Ma non è tutto:  a detta del Vaticano il Ddl Zan violerebbe anche la libertà di organizzazione perché non esenterebbe le scuole private dall’organizzare attività in occasione della Giornata nazionale contro l’omofobia, che viene istituita con la legge. 

C’è’ chi fa notare come sia la prima volta che la Santa Sede interviene a gamba tesa su una legge in discussione in Parlamento sostituendosi di fatto alla Cei e facendo valere il Concordato, richiamando specifici articoli che potrebbero essere violati. Sorprende tuttavia la forma scelta, quella cioè di sollevare una questione di carattere prettamente giuridico anziché evidenziare come con l’approvazione del Ddl Zan siano a rischio principi fondamentali, ad iniziare dalla difesa della famiglia naturale fondata sul matrimonio e dal diritto dei figli a crescere con il papà e la mamma; e ancora, il rischio di favorire l’indottrinamento gender nelle scuole di ogni ordine e grado attraverso proprio la famigerata giornata contro l’omofobia e di rendere lecite pratiche finora vietate come il ricorso alla maternità surrogata. E infine il pericolo maggiore, quello di non poter esprimere liberamente un dissenso rispetto all’ideologia Lgbt, finendo per essere incriminati come omofobi soltanto se si dichiarerà che un bambino deve crescere con un papà e una mamma e che le coppie gay, Costituzione alla mano, non possono essere considerate famiglia.

Il Vaticano sceglie un’altra strada, cita leggi e accordi fra Stati, come se la questione fosse di carattere diplomatico e non invece di natura ideologica e morale.
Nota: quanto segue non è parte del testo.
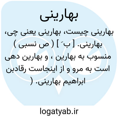 بهارینی. [ ب َ ] ( ص نسبی ) منسوب به بهارین، و بهارین دهی است به مرو و از اینجاست رقادبن ابراهیم بهارینی. ( الانساب سمعانی ) ( لباب الانساب ).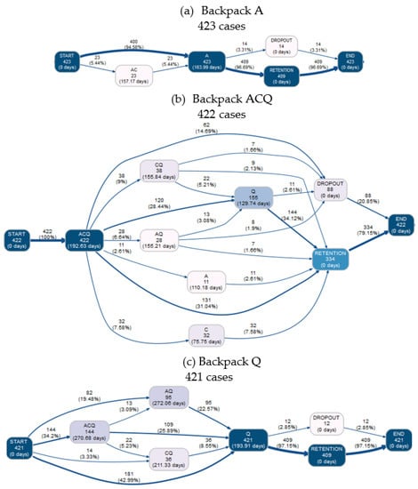 Figure 7 shows the 90% most frequent variants of the students who had backpack A, ACQ and Q. Figure 7a shows that the vast majority (94.56%) of the students had backpack A as the first and the only backpack in their trajectories.

Certo, l’intervento è stato sicuramente utile e per certi versi necessario, ma sembra ricalcare l’immagine di una Chiesa che sceglie di giocare sulla difensiva e mai in attacco, come del resto stanno facendo in Parlamento gli oppositori del Ddl. I quali al Senato si stanno appellando a tecnicismi e regolamenti al solo scopo di allungare il brodo e far naufragare la proposta di legge con la forza dei cavilli giuridici e parlamentari, invece di affrontare uno scontro diretto fatto di contenuti. Perché in fondo, e questa è la triste realtà, si ha timore di sfidare apertamente la comunità Lgbt e il pensiero unico dominante veicolato anche da personaggi pubblici come Fedez che non a caso sono subito scesi in campo accusando il Vaticano di “indebita ingerenza” nelle decisioni del Parlamento sovrano (ma dove sono stati costoro nell’ultimo anno in cui la sovranità è andata in vacanza e tutte le decisioni inerenti la pandemia sono state assunte a suon di Dpcm e senza che il Parlamento sovrano fosse minimamente coinvolto?).
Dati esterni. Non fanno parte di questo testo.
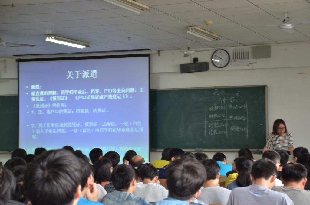 在毕业生文明离校暨派遣专题大会中陈楠老师就派遣的报到证,户口迁移,书面材料和档案去向等方面做了详细的说明。徐雪峰老师针对毕业生离校的心态,择业就业,贷款,安全事项,答辩,学费等方面做了相关要求。旷书记表示希望同学们文明安全离校,并成立离校小组,安全离校,适当的参加离校活动使同学们平安快乐的度过大学里的最后时光,文明离校做好低年级学生的榜样。并嘱咐同学们要拥有像山河一样宽广的胸怀,成为一名对社会对国家有用的人才。

Quindi appare evidente come il Vaticano sia sceso direttamente in campo probabilmente insoddisfatto di come la Cei sta gestendo la questione, in maniera troppo morbida o quasi arrendevole; ma per non entrare in conflitto con i vescovi italiani e dare l’idea di esautorarli delle loro prerogative, ha sollevato il pericolo di veder violate le norme del Concordato al fine di giustificare una presa di posizione di carattere diplomatico e di competenza appunto della Segreteria di Stato. E alla fine senza smentire la posizione della Cei che risulterebbe formalmente confermata, nel momento stesso in cui dal Vaticano non si chiede di ritirare la legge ma di correggerla negli aspetti controversi. In parole povere si è voluto dare più forza ed incisività ad una posizione comunque di mediazione ma che forse la sola Cei rischiava di non condurre in porto e che ora invece sarà posta sul tavolo con tutta evidenza.
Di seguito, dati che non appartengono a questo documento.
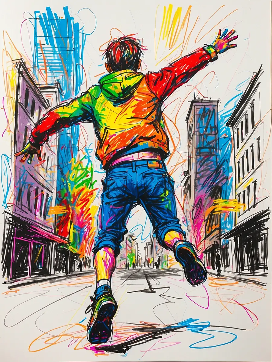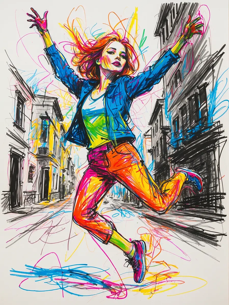 Generiert mit meinem Leonardo-Abo, bei dem man sogenannte Elemente hinzufügen kann. Hier war es „Colorful scribbles”.

Alla fine a combattere la “buona battaglia”, ovvero quella sui valori antropologici, rimangono i cattolici del Family Day gli unici che ancora scendono in piazza per dire no ad una legge liberticida, che non si accontentano di modifiche e concessioni e che difendono un’altra idea di società, una libertà di pensiero messa in pericolo dall’omologazione pro gender.

L’intervento del Vaticano certamente renderà inevitabile un ripensamento dell’impianto del Ddl per non aprire un conflitto diplomatico con la Santa Sede, ma non sarà certamente la modifica di qualche articolo a rendere migliore o accettabile una legge sbagliata all’origine e che nasce con la pretesa di modificare le basi della società italiana e di stravolgere l’ordinamento naturale.